**Records excerpted from a collection**:
==============================

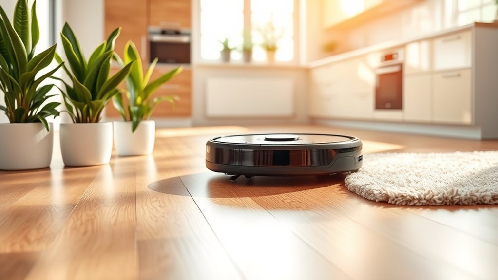 Robot vacuums can transform your home into a healthier space by automating the removal of dirt and allergens from your floors. They use HEPA filters to trap tiny particles, improving air quality and easing your breathing. With smart technology, you can control them from your smartphone, making it easy to maintain a clean environment. Regular use not only keeps your floors spotless but also reduces allergens, enhancing your overall well-being. Discover further insights into their benefits.
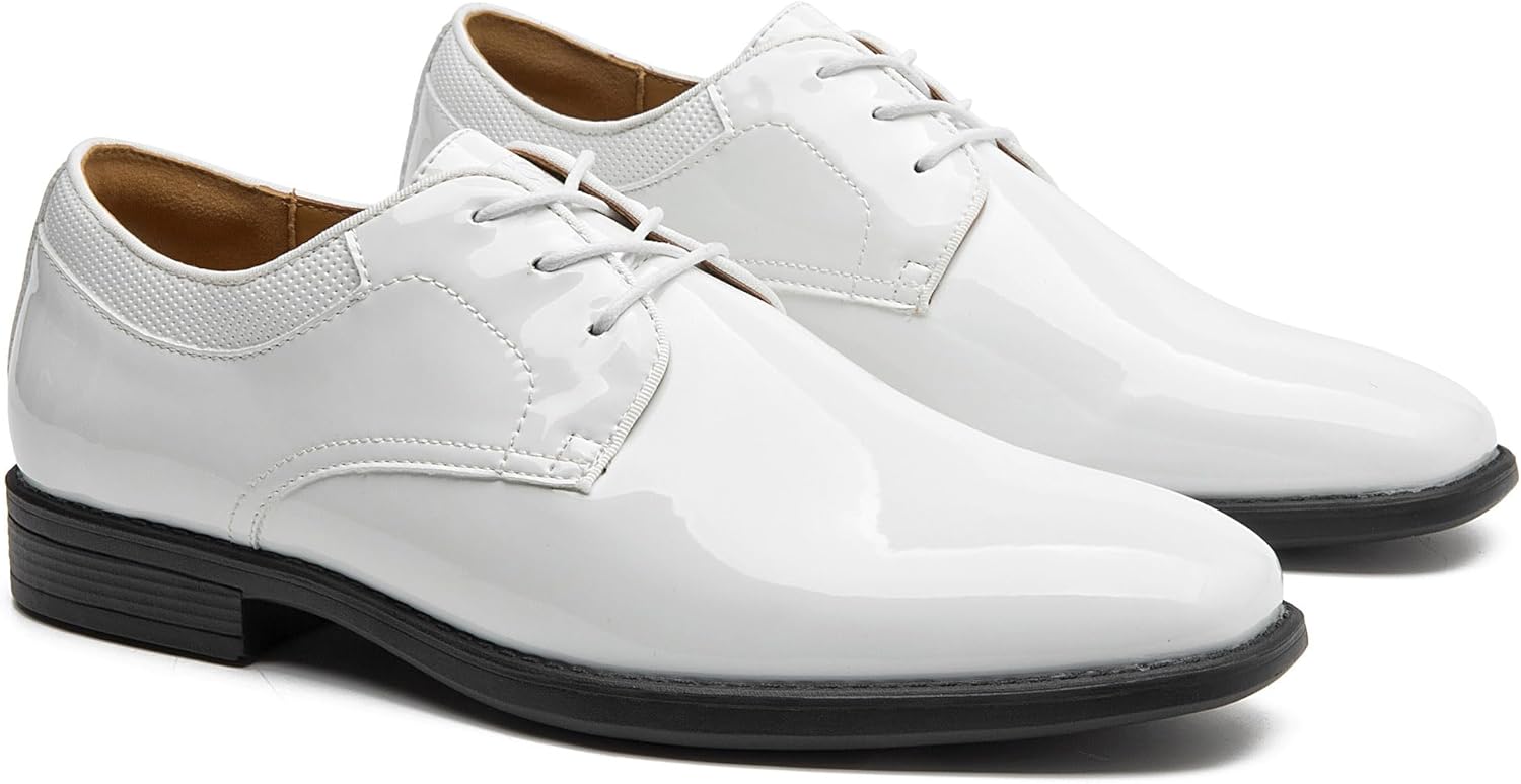 - True-to-Size with Secure Fit – The men’s patent leather shoes has classic lace-up closure that ensures a snug, customized fit in standard US sizes, available in classic black and white color,ideal for groomsmen, business formal, office,graduations,funerals,fine Dining,cocktail parties,casual or black-tie events occasions.
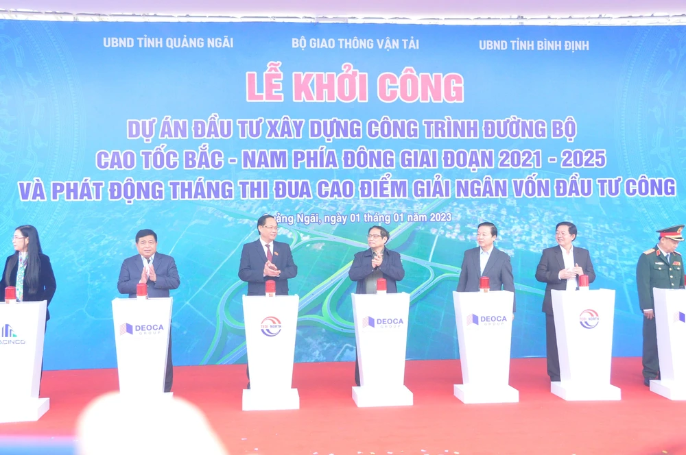 Đúng 12 giờ trưa ngày 1-1-2023, tại điểm cầu trung tâm tỉnh Quảng Ngãi, Thủ tướng Chính Phủ Phạm Minh Chính đã chính thức bấm nút khởi công Dự án Cao tốc Bắc – Nam phía Đông giai đoạn 2 (2021-2025).
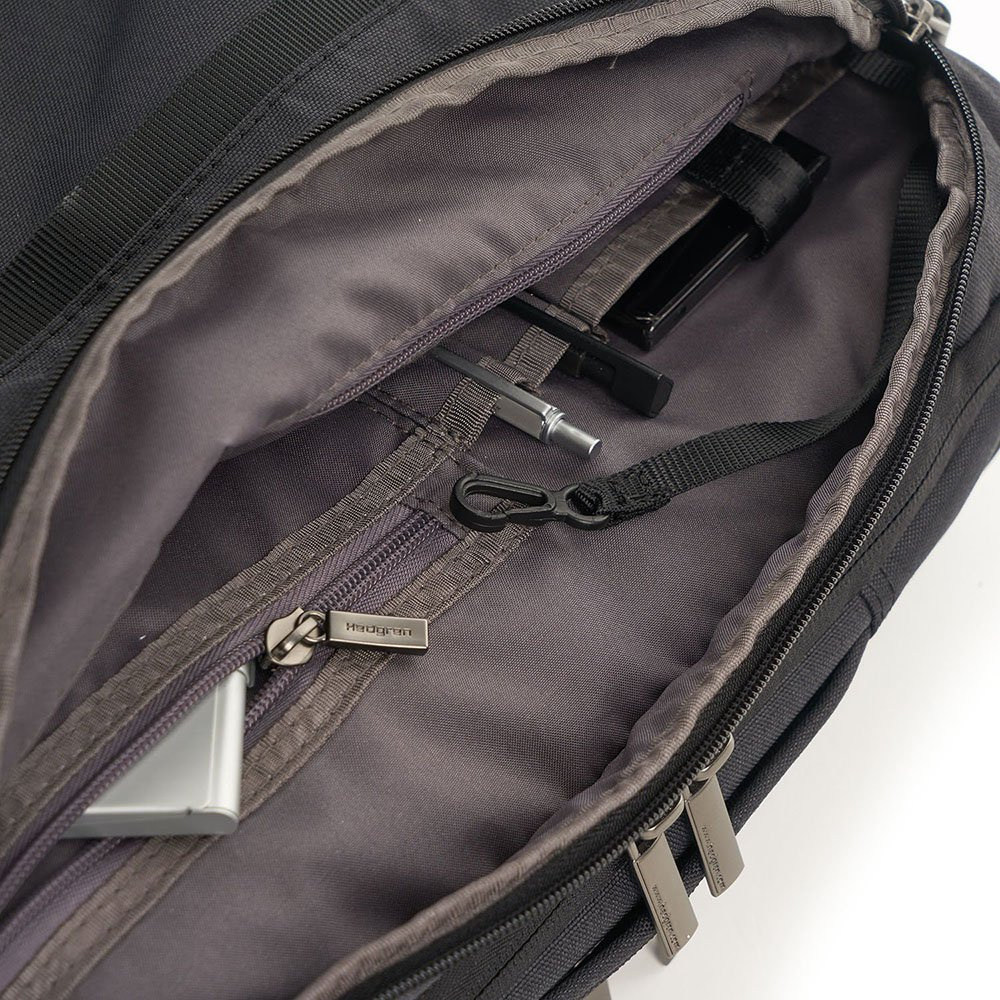 Torba Hedgren Focal to również sposób na praktyczny bagaż podręczny. Zintegrowany pas daje możliwość nałożenia jej na wysuwaną rączkę od walizki. Trzy komory pomieszczą najpotrzebniejszy bagaż, a także laptopa o wielkości do 14 cala. Frontowa kieszeń z organizerem to idealna przestrzeń do przechowywania drobnych akcesoriów biurowych.
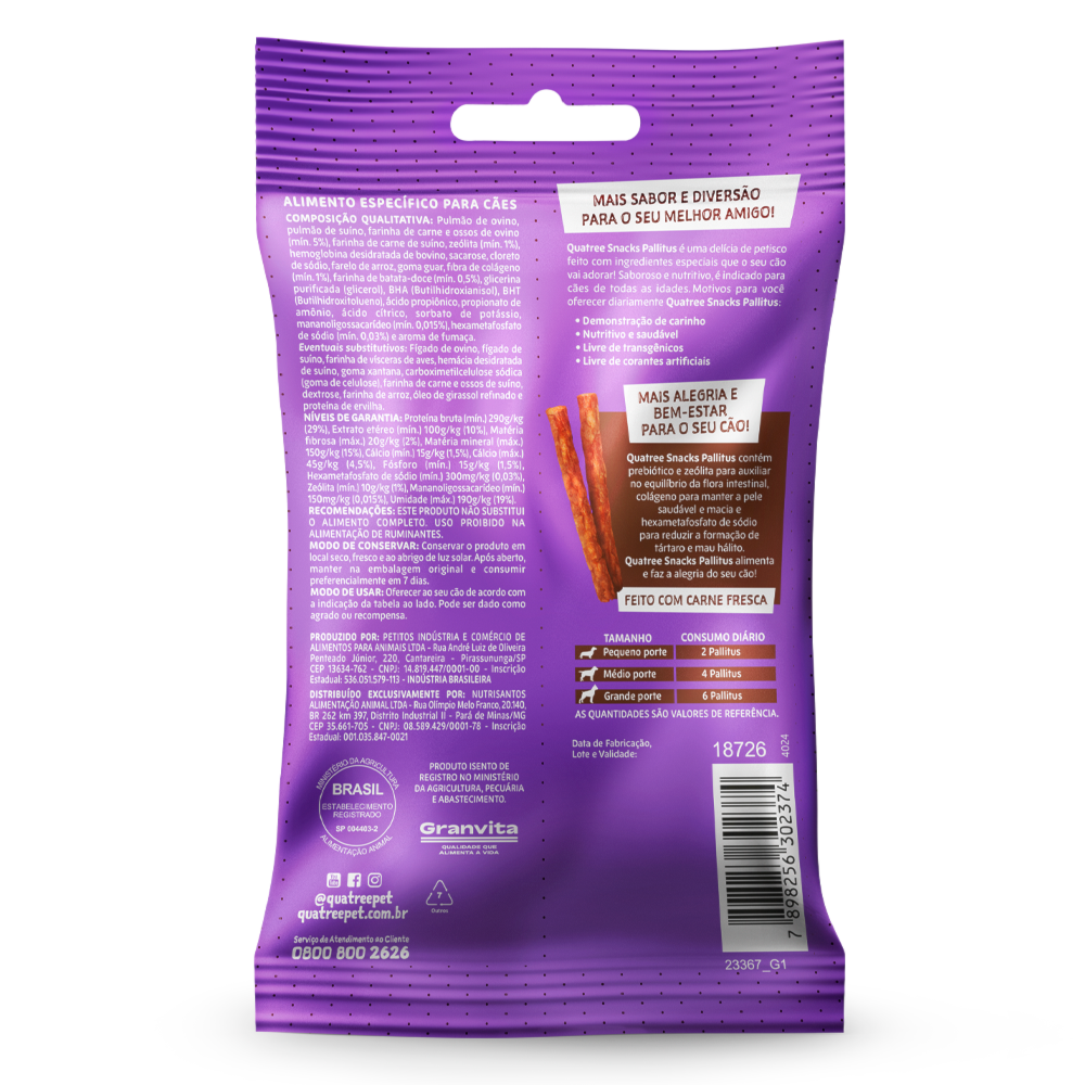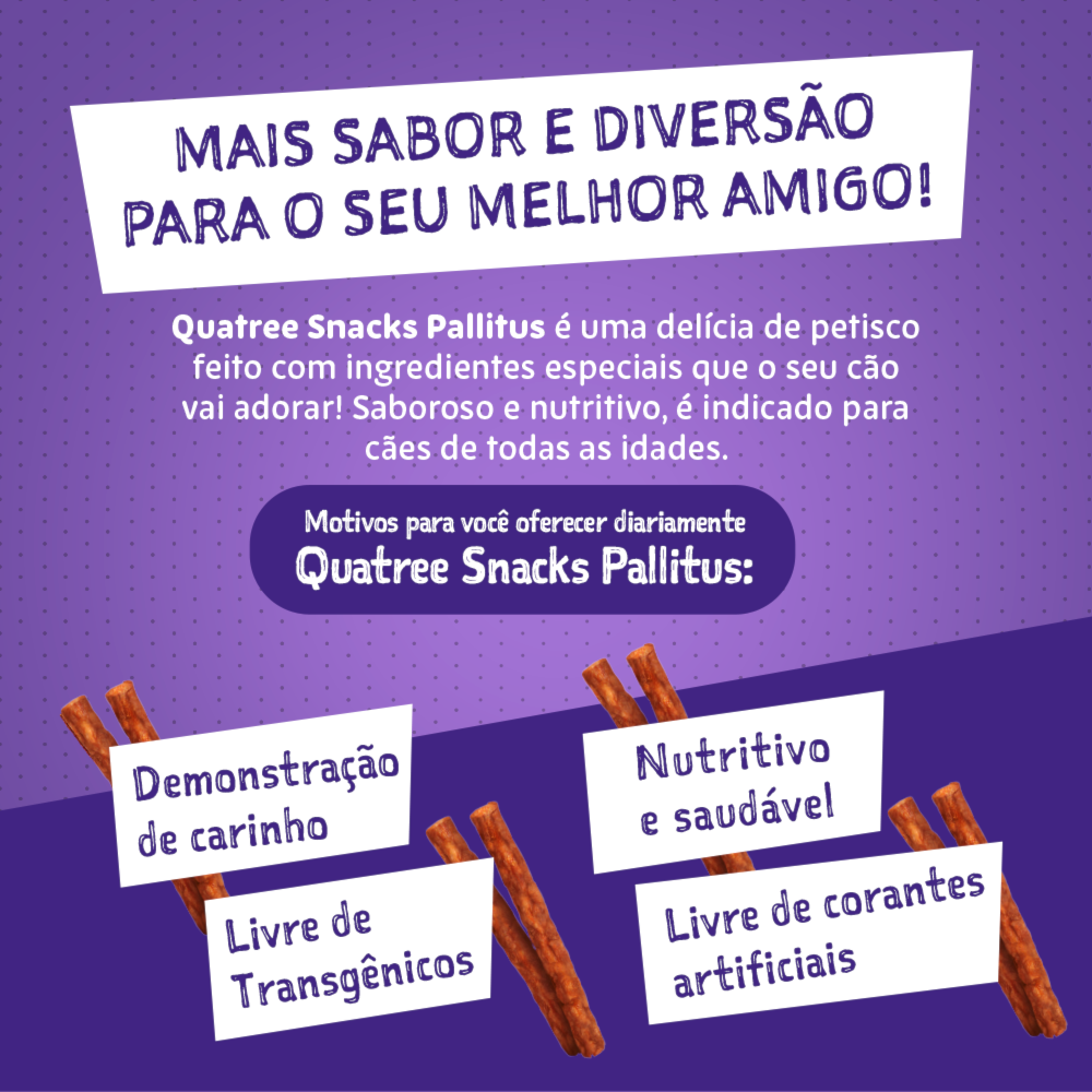 Com a combinação perfeita de sabor e textura, o Quatree Pallitus é muito mais que um simples petisco: é uma recompensa deliciosa que fortalece o vínculo entre você e seu melhor amigo.

==============================

**HOW TO COMPLETE THIS TASK**: The records above must be printed exactly, but the pictures they hold should be omitted.

**SOLVED PROBLEM**:
 Robot vacuums can transform your home into a healthier space by automating the removal of dirt and allergens from your floors. They use HEPA filters to trap tiny particles, improving air quality and easing your breathing. With smart technology, you can control them from your smartphone, making it easy to maintain a clean environment. Regular use not only keeps your floors spotless but also reduces allergens, enhancing your overall well-being. Discover further insights into their benefits.
 - True-to-Size with Secure Fit – The men’s patent leather shoes has classic lace-up closure that ensures a snug, customized fit in standard US sizes, available in classic black and white color,ideal for groomsmen, business formal, office,graduations,funerals,fine Dining,cocktail parties,casual or black-tie events occasions.
 Đúng 12 giờ trưa ngày 1-1-2023, tại điểm cầu trung tâm tỉnh Quảng Ngãi, Thủ tướng Chính Phủ Phạm Minh Chính đã chính thức bấm nút khởi công Dự án Cao tốc Bắc – Nam phía Đông giai đoạn 2 (2021-2025).
 Torba Hedgren Focal to również sposób na praktyczny bagaż podręczny. Zintegrowany pas daje możliwość nałożenia jej na wysuwaną rączkę od walizki. Trzy komory pomieszczą najpotrzebniejszy bagaż, a także laptopa o wielkości do 14 cala. Frontowa kieszeń z organizerem to idealna przestrzeń do przechowywania drobnych akcesoriów biurowych.
 Com a combinação perfeita de sabor e textura, o Quatree Pallitus é muito mais que um simples petisco: é uma recompensa deliciosa que fortalece o vínculo entre você e seu melhor amigo.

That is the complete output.